- _PROMPT_
Nothing outside the range is to be copied. From the entries below, reproduce exactly the lines starting at the one with "paryškina antakių formą" and ending at the one with "Albanian vs Immigrants", without pictures.

Top of EXCERPTED DATA

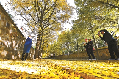 在圓明園的三園交界處,有一條近千米的銀杏大道,大道兩側(cè)種植著整齊的銀杏樹,樹枝上的銀杏葉和滿地的落葉形成了一條黃金大道。黃燦燦的銀杏葉又和兩側(cè)圍墻上紅色的藤蔓相互映襯,美不勝收。
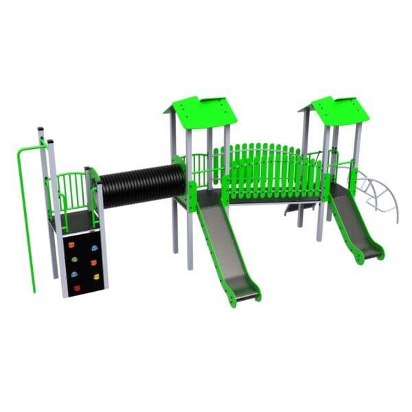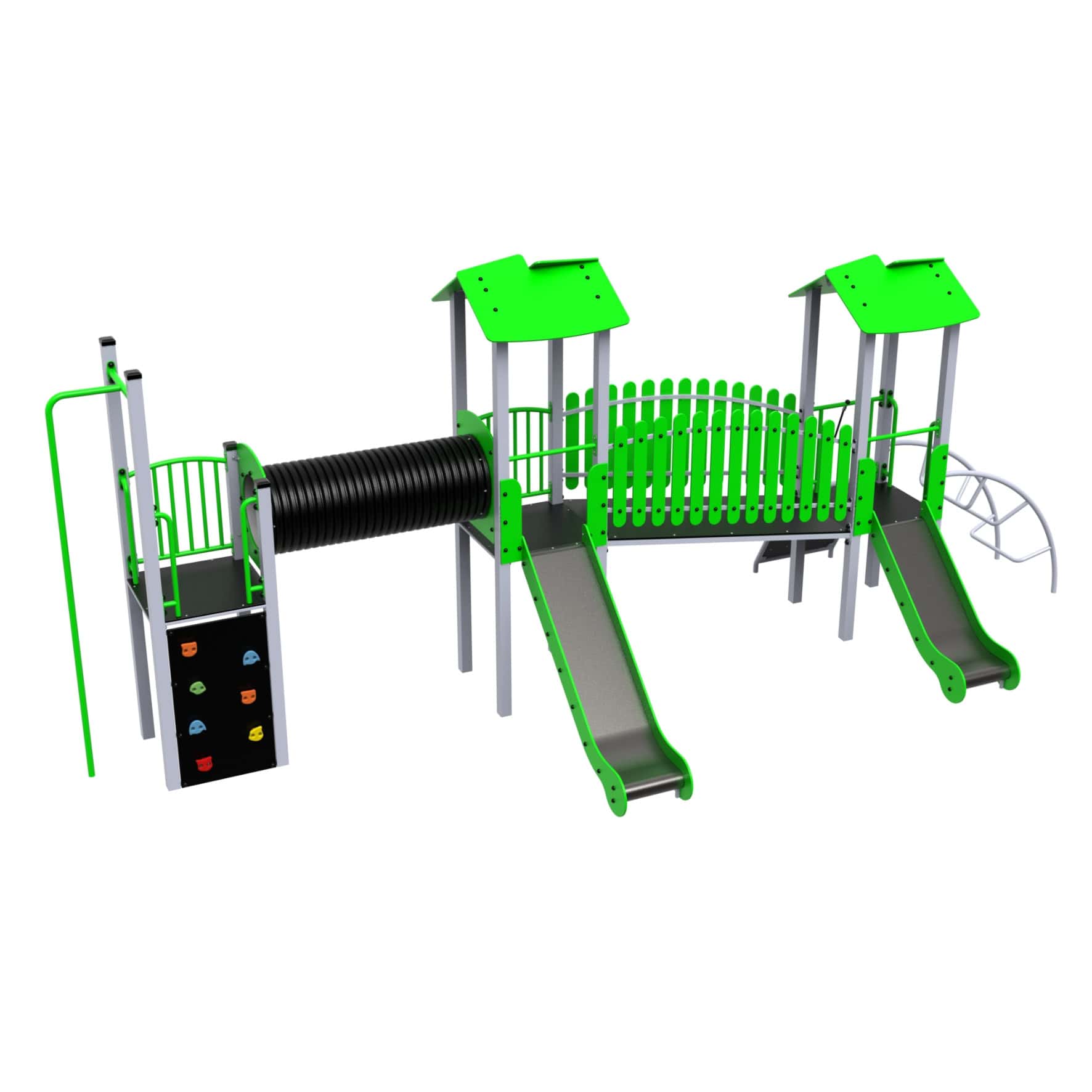 Zestaw składa się z czterech wież – w tym dwóch zadaszonych – oraz licznych pomostów, przejść linowych, przeplotni i paneli edukacyjnych. Dodatkowe atrakcje to drabinka linowa, płyta wspinaczkowa, ślizg oraz przejście rurowe. Taka różnorodność pobudza kreatywność, wspiera rozwój sprawności ruchowej i zachęca do zabawy zespołowej.
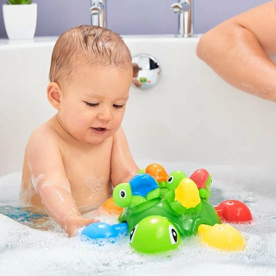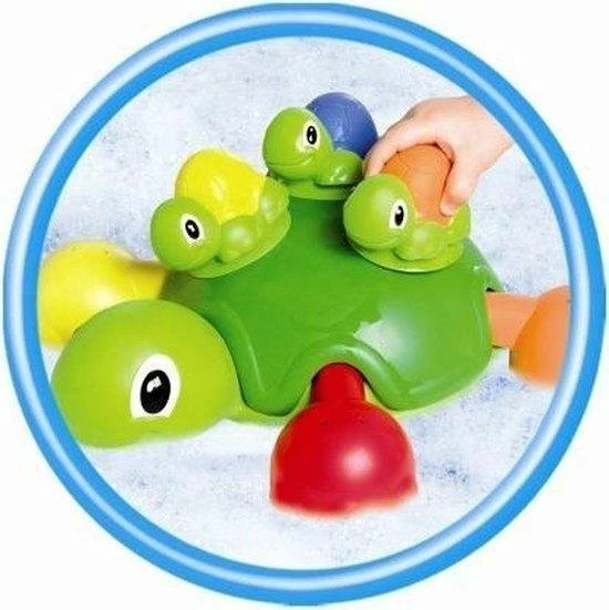 Topspeelgoed voor peutertjes in bad: de kleine schildpadjes kleven op de rand, en de drijvende poten zijn kleine vergietjes waar het water in verschillende snelheden en vormen doorheen loopt. Bovendien ook puzzelplezier, om de hele schildpad terug in elkaar te knutselen.
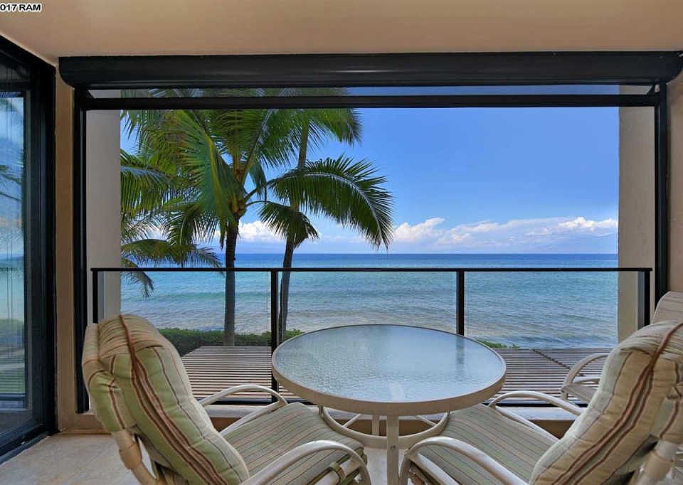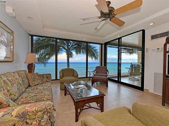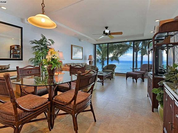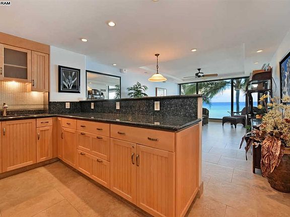 Direct oceanfront one bedroom unit at the exclusive Mahana property. Floor to ceiling windows offer stunning views of the ocean and island of Molokai. The spacious lanai offers a private retreat to relax and watch the turtles, dolphins and of course you have front row seats for the Whales in season. Unit 208 is rated in the premium category in the onsite Aston vacation rental program. It has been beautifully upgraded with tile floors throughout the entry, living room and bathroom areas. The kitchen has all wood cabinets, recessed lighting, granite counter tops and a modern glass tile back splash, with colors of the ocean to compliment the stunning views. There is also a built in desk area with extra cabinets in the dining area. The bathroom is fully tiled with a walk in shower and glass enclosure and separate vanity area. Lot's of great storage in the unit as well as an exterior storage just across the hallway from the front entrance. Being sold furnished with some exclusions on artwork. This second floor location at the North end of the Molokai wing offers close access to the stairwell so its easy to get to the grass area and to the parking area without having to walk to to elevator. The Mahana is peaceful and quiet with an island ambiance away from the crowds yet it's close enough to several shops and restaurants. Amenities include a spacious beachfront swimming pool, sauna, shuffle board, BBQ grilling facilities and tennis court. Monthly fee consists of Utilities $353.53 Maintenance $844.21 and Reserve fees $518.07 for a total of $1,715.81. Check out the 3D tour and dollhouse floor plan for a virtual walk through.
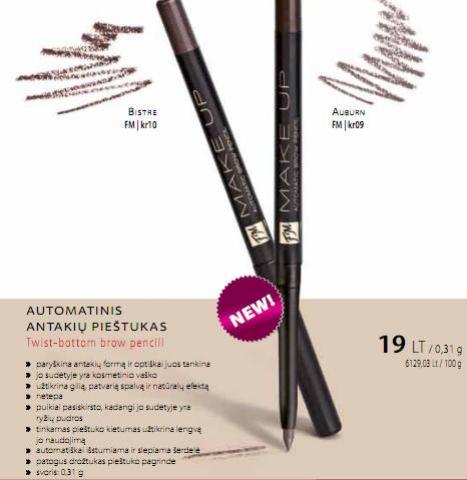 paryškina antakių formą ir optiškai juos tankina » jo sudėtyje yra kosmetinio vaško » užtikrina gilią, patvarią spalvą ir natūralų efektą » netepa » puikiai pasiskirsto, kadangi jo sudėtyje yra ryžių pudros » tinkamas pieštuko kietumas užtikrina lengvą jo naudojimą » automatiškai išstumiama ir slepiama šerdelė » patogus drožtukas pieštuko pagrinde » svoris: 0,31 g
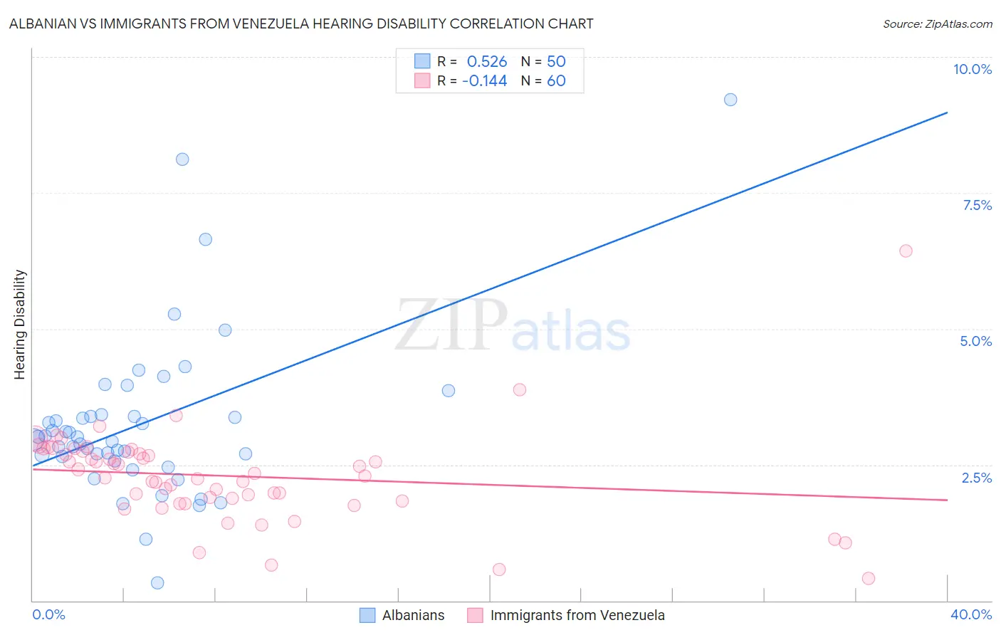Albanian vs Immigrants from Venezuela Hearing Disability Correlation Chart
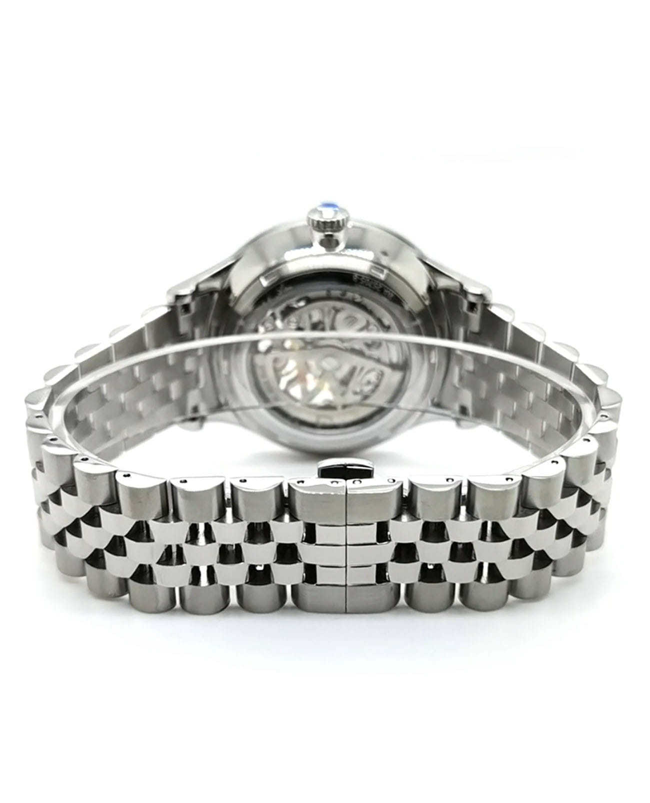 Механические часы-скелетоны Wainer WA.25705-B. Корпус и браслет выполнены из нержавеющей стали 316L. Сапфировое стеклоСапфировое стеклоПрочный и надёжный материал из кристалла сапфира синтетического происхождения, характеризующийся особой твёрдостью и устойчивостью к царапинам и повреждениям.. Водозащита: 50 метров, позволит защитить корпус от случайных брызг или капель дождя. Браслет на раскладной застёжкеРаскладная застёжкаТакой тип застёжки используется только на браслетах из металла. Она никогда не раскрывается полностью, происходит разделение на 2 и более частей. Раскладывающая застёжка снизит вероятность потери часов к минимуму..
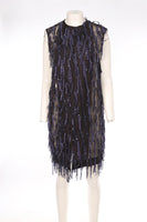 Dries Van Noten Black Silk Gilet. Black and Navy. Sleeveless. Crewneck. Hook and eye fastening - Front. 81% Polyamide, 13% Silk, 6% Polyester. FR 36 (UK 8, US 4, IT 40). Bust: 39 in. Waist: 39 in. Hips: 40 in. Length: 37 in.
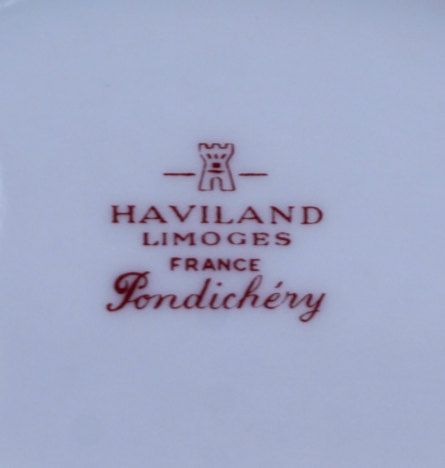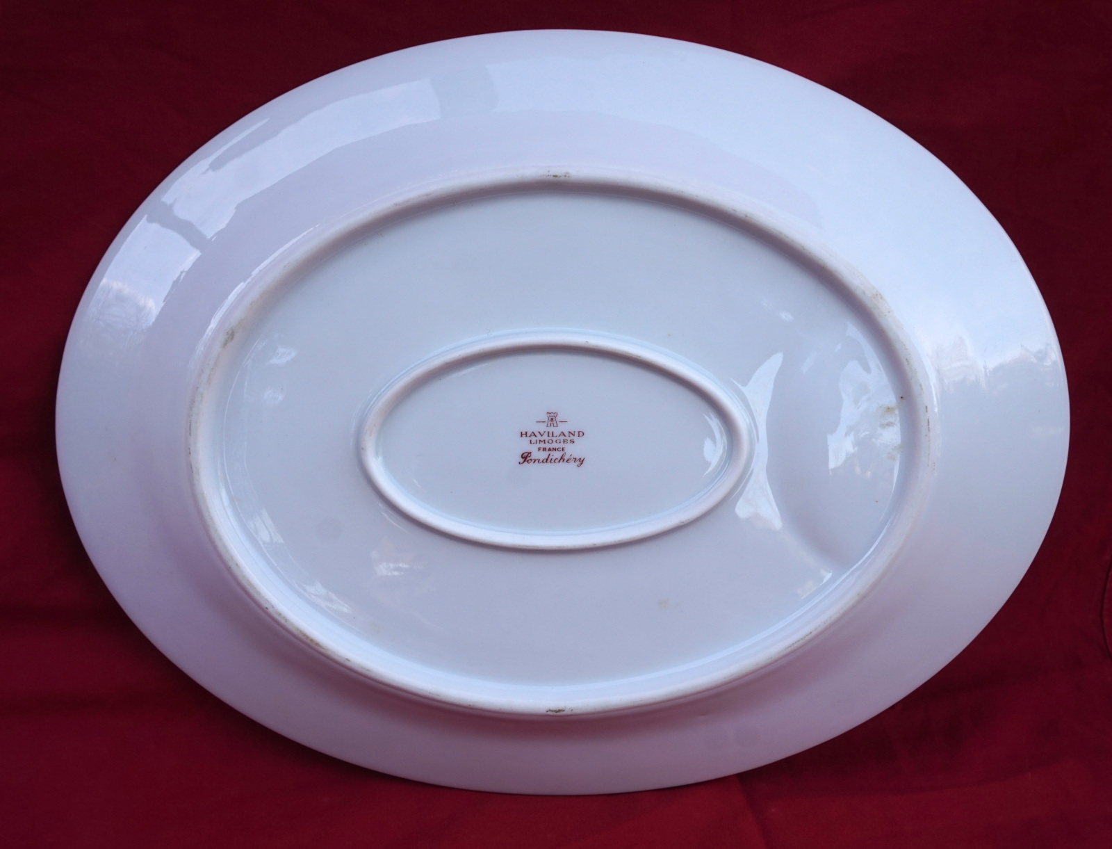 French Limoges porcelain oval roast serving dish Pondichery pattern made by Haviland in Limoges. It's signed on the back. 13 5/8" (34.5cm) length, 10 1/2" (26.7cm) width. Perfect condition as shown by the following pictures.
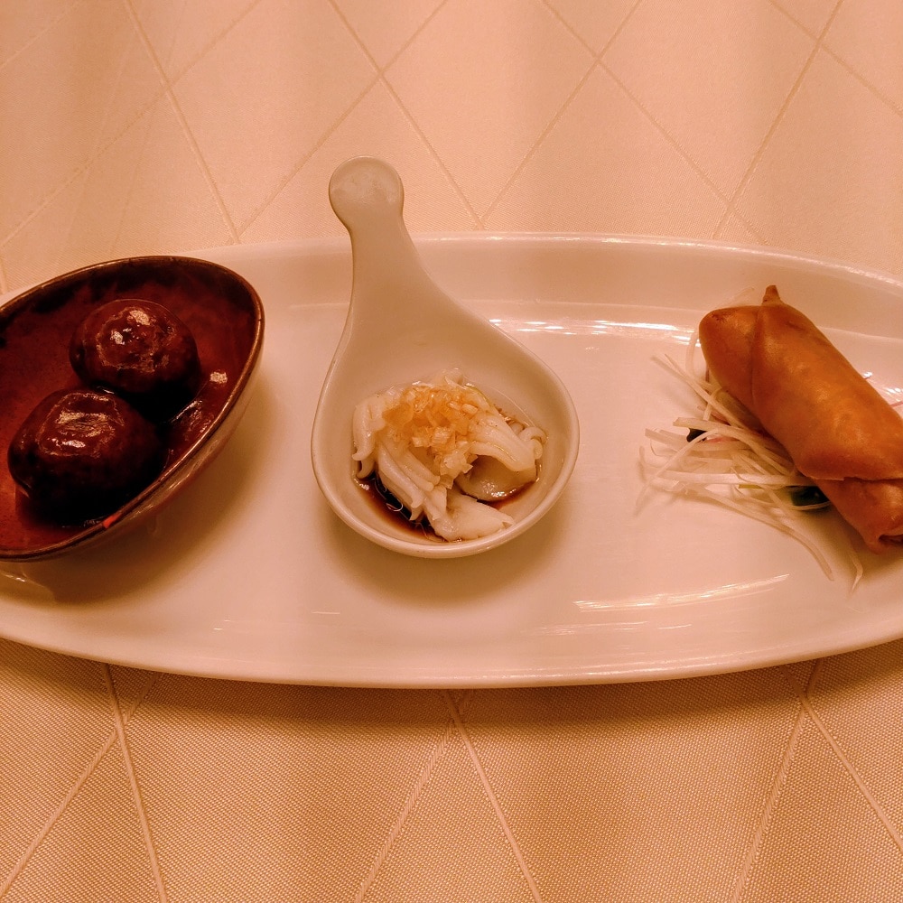 肉団子、イカのなんとか(うろ覚え)、春巻き。一仕事終えたあとのおひとりさまランチは最高です。
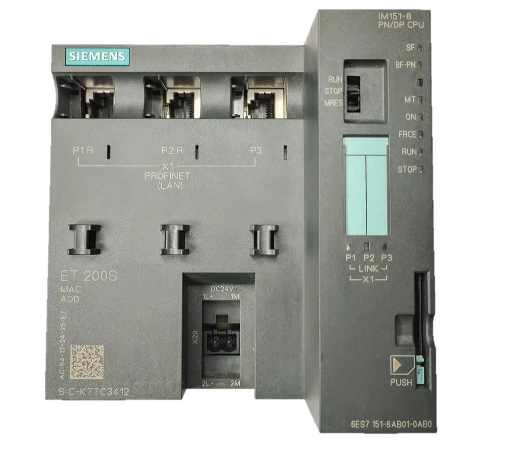 SIMATIC DP, IM151-8 PN/DP CPU for ET200S, 192 KB work memory, int. PROFINET interface (with three RJ45 ports) as IO Controller
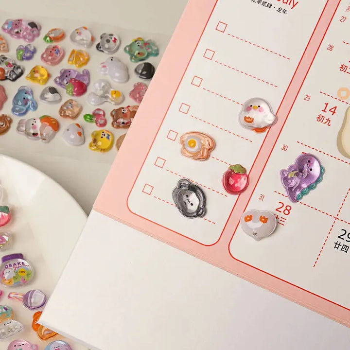3D Cute Cartoon Animal Puff Stickers Kawaii Mini Puffy Reusable Stickers for Scrapbooks Planner Journals Laptops Phone Case Deco
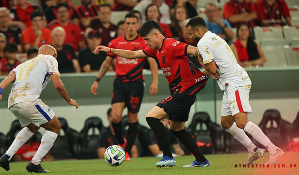 O Athletico somou apenas um ponto diante do Fortaleza, nesta quarta-feira (8), na Ligga Arena. Após sair atrás e buscar o empate logo em seguida, o Furacão encurralou o adversário na busca pela virada, mas não conseguiu balançar a rede novamente.
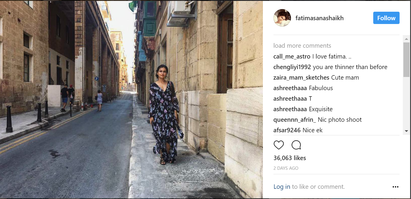 Fatima Sana Shaikh shone bright in her debut film ‘Dangal’ as Geeta Phogat and despite sharing the screen space with Aamir Khan, it was Fatima who was praised. Luckily, she has bagged her second film too and once again, she has an Aamir Khan film in her kitty. Fatima will next be seen in ‘Thugs Of Hindostan’ for which she has already started shooting in Malta. The beautiful lady uploaded a few pictures of herself from Malta and we are in complete awe of her new look. Unlike her pixie cut in ‘Dangal’, Fatima will be seen sporting long, lustrous tresses in ‘Thugs Of Hindostan’.

Bottom of EXCERPTED DATA

- _ANSWER_
 paryškina antakių formą ir optiškai juos tankina » jo sudėtyje yra kosmetinio vaško » užtikrina gilią, patvarią spalvą ir natūralų efektą » netepa » puikiai pasiskirsto, kadangi jo sudėtyje yra ryžių pudros » tinkamas pieštuko kietumas užtikrina lengvą jo naudojimą » automatiškai išstumiama ir slepiama šerdelė » patogus drožtukas pieštuko pagrinde » svoris: 0,31 g
Albanian vs Immigrants from Venezuela Hearing Disability Correlation Chart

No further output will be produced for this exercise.